Um estudo publicado no ano passado no jornal Diabetes Care aponta que a troca de apenas um copo de refrigerante por água pode reduzir as chances de desenvolver diabetes em 10%. Isso vale para quem tem o hábito de consumir muito este tipo de líquido e busca reduzir a ingestão.

Já uma pesquisa francesa, esta publicada na revista médica BMJ no fim de 2019, mostra que consumo de bebidas açucaradas, como refrigerantes e sucos de frutas adoçados artificialmente, está vinculado a um risco maior de desenvolvimento de certos tipos de câncer.

 Com a ingestão diária de apenas 100ml de bebidas açucaradas, o risco da doença cresce 18%. Já quando a enfermidade toma conta das mamas, esse número salta para 22%. Vale lembrar que essa quantidade é 3,5 vezes menor do que uma lata de refrigerante.

Além disso, uma lata de 350ml do refrigerante do tipo cola, por exemplo, contém 37 gramas de açúcar, ou seja, sete colheres e meia do ingrediente. Esse valor já ultrapassa o recomendado diário da Organização Mundial da Saúde (OMS), que é de 25 gramas.

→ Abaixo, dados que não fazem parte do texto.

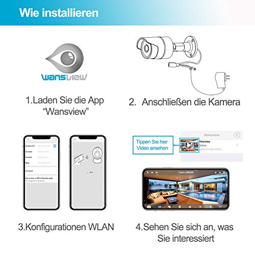 ✅ 【 Facile regolazione e visualizzazione su più dispositivi 】 La fotocamera supporta connessioni LAN e Wi-Fi. Si prega di scaricare l'app da parete dall'App Store o Google Play, accendere la fotocamera con l'alimentatore in dotazione, collegare la fotocamera al 2.4 GHz WLAN o il router con il cavo RJ45. Aggiungete la fotocamera all'app mobile e guardate la fotocamera con l'app Wansview sul vostro cellulare. È possibile utilizzare la fotocamera in diversi modi.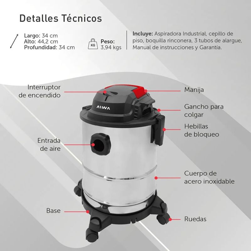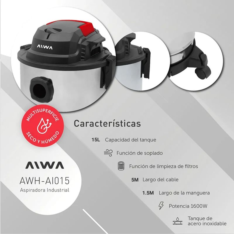 La aspiradora industrial Aiwa AWH-AI015 es la aliada definitiva para quienes buscan potencia real y durabilidad en un solo equipo. Equipada con un motor de 1600W y una impresionante fuerza de succión de 18kPa, esta herramienta está diseñada para enfrentar sin esfuerzo los desafíos más exigentes, ya sea en talleres, oficinas o grandes superficies del hogar. Su robusto tanque de 15 litros, fabricado en acero inoxidable, no solo le otorga una estética profesional y elegante, sino que garantiza una resistencia superior al uso intensivo, asegurando que tu inversión te acompañe impecable por mucho tiempo.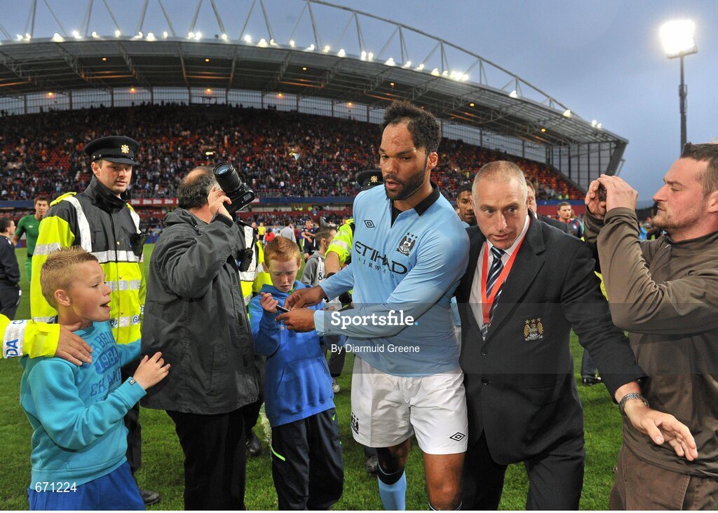 5 August 2012; Joleon Lescott, Manchester City, signs autographs for supporters after the game. Soccer Friendly, Limerick FC v Manchester City, Thomond Park, Limerick. Picture credit: Diarmuid Greene / SPORTSFILE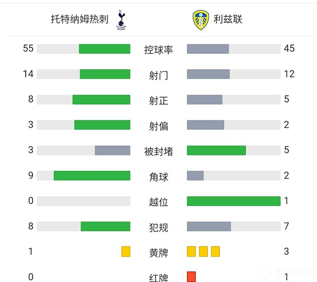 全场比赛结束,最终热刺三度扳平4-3逆转利兹联。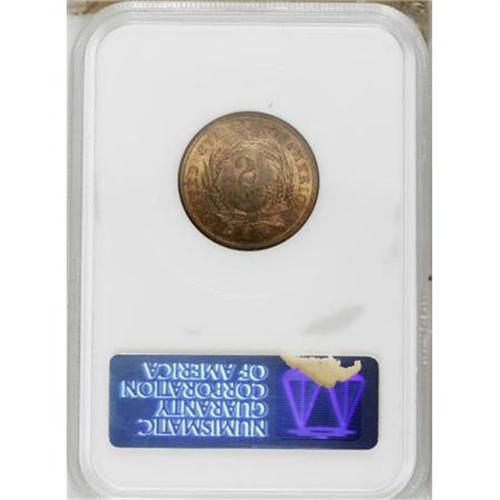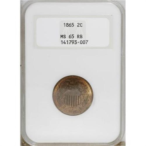<B>1865 2C MS65 Red and Brown NGC.</B></I> NGC Census: (305/68). PCGS Population (225/16). Mintage: 13,640,000. Numismedia Wsl. Price for NGC/PCGS coin in MS65: $460. (#3583)<BR><BR><B>Coin Engraver:</B> James B. Longacre<BR><BR><b>Shipping:</b> Coins & Currency (<a target="_blank" href="http://www.heritageauctions.com/common/shipping.php">view shipping information</a>)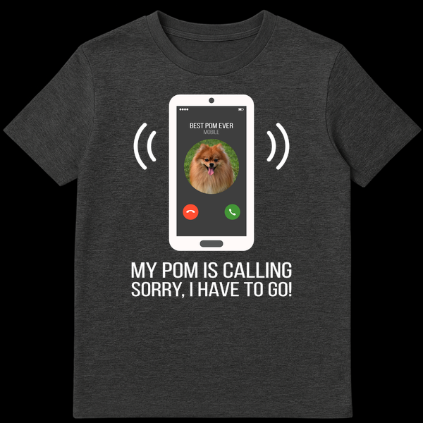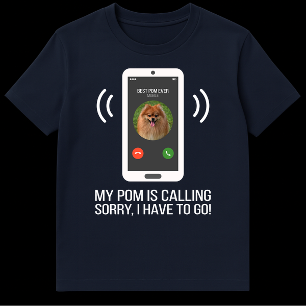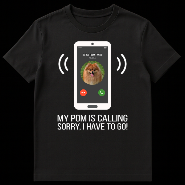 Never miss a call from your furry best friend with this humorous Pomeranian owner t-shirt. Featuring a smartphone screen displaying “BEST POM EVER” and the playful text “MY POM IS CALLING SORRY, I HAVE TO GO!”, it’s a witty nod to every dog parent’s priorities. This design makes a perfect gift for any devoted Pomeranian enthusiast or pet lover.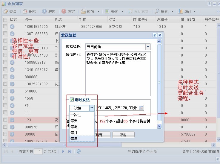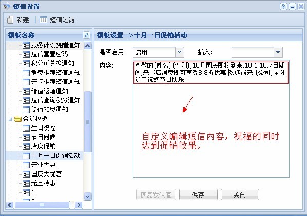 内置正规的短信平台。短信的运用,配合详细的会员信息和消费记录使各种先进的营销手段的运用成为可能。灵活应用短信平台还可以实现精确营销,短信且支持回复,会员可通过短信回复,把意见和建议反馈至商家,加强感情营销,增加会员满意度;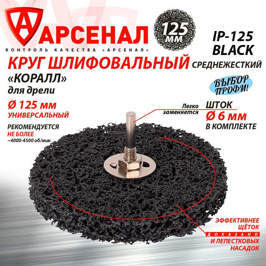 10 цен на Диск шлифовальный 125мм "коралл" для дрели (среднежесткий), IP-125black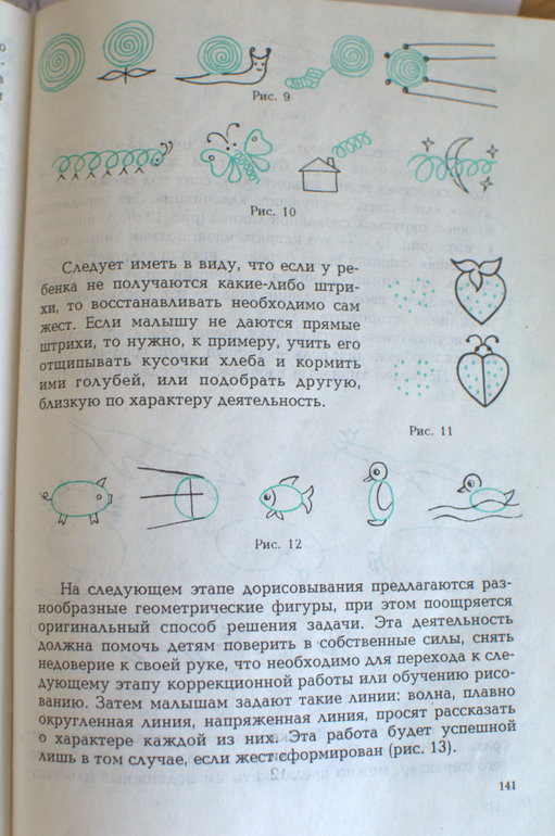 Следует иметь в виду, что если у ребенка не получаются какие-либо штрихи, то восстанавливать необходимо сам жест. Если малышу не даются прямые штрихи, то нужно, к примеру, учить его отщипывать кусочки хлеба и кормить ими голубей, или подобрать другую, близкую по характеру деятельность.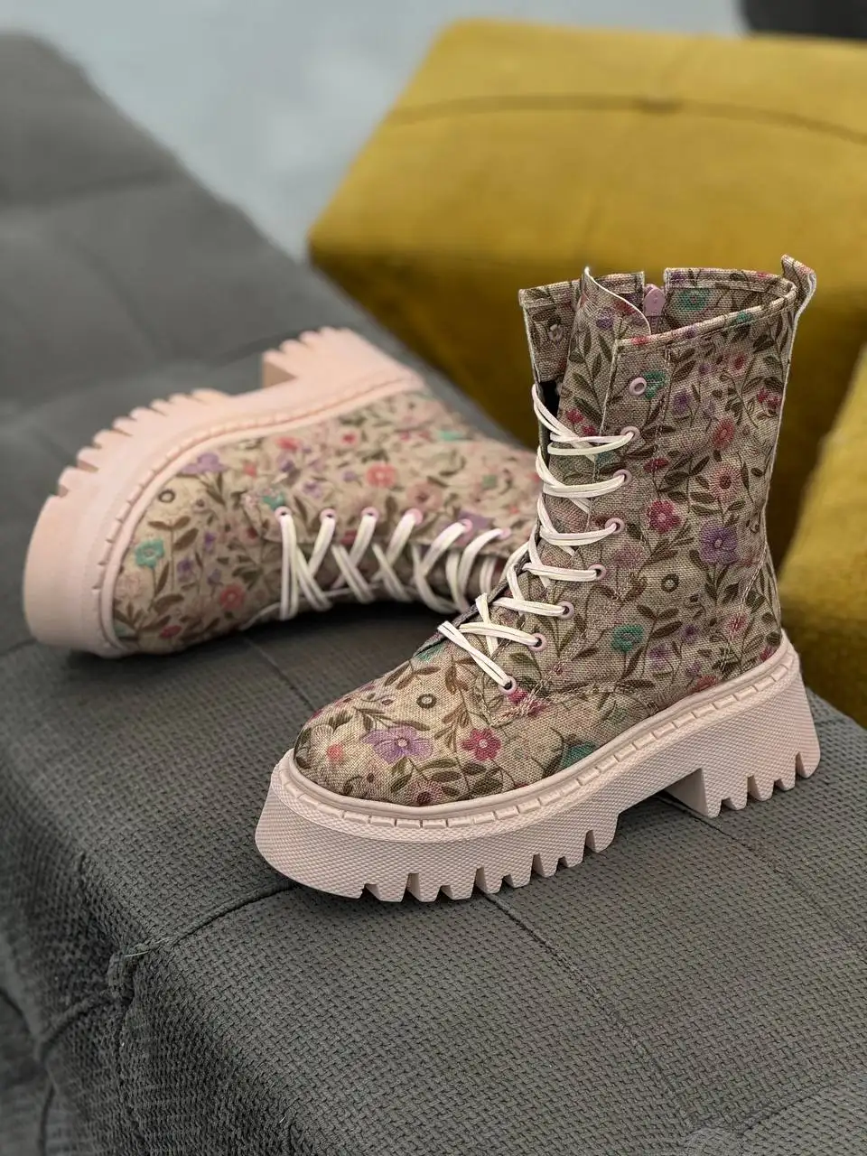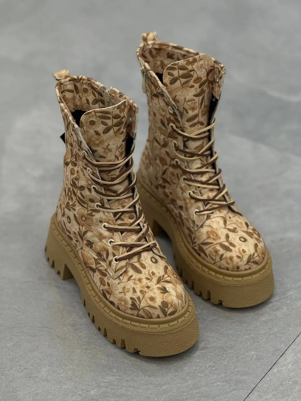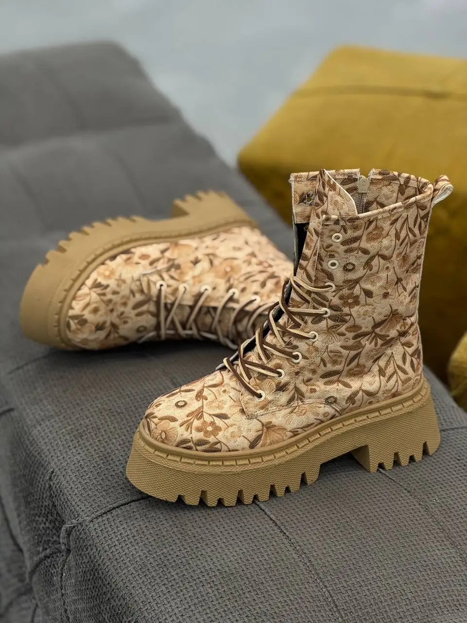 بوت مارتین طرح دار از مدلهای ترند و متفاوت فروشگاه آویشن که با طراحی بنددار، زیره عاجدار ضخیم و چاپهای خاص روی بدنه، فوراً استایل شما رو از حالت معمولی به خاص و فشن ارتقا میده. این مدل نیمساق، هم راحتی داره، هم جسارت، و برای کسانیه که دنبال آیتمی متفاوت و چشمگیر هستن، انتخابیه بیرقیب.

O neurocientista, neuropsicólogo e biólogo Fabiano de Abreu explica que a cola, por exemplo, possui cafeína em sua composição. "O excesso deste composto potencializa a ansiedade." Abreu diz ainda que a bebida também pode resultar em sintomas como alteração de humor, irritabilidade, confusão mental e cansaço.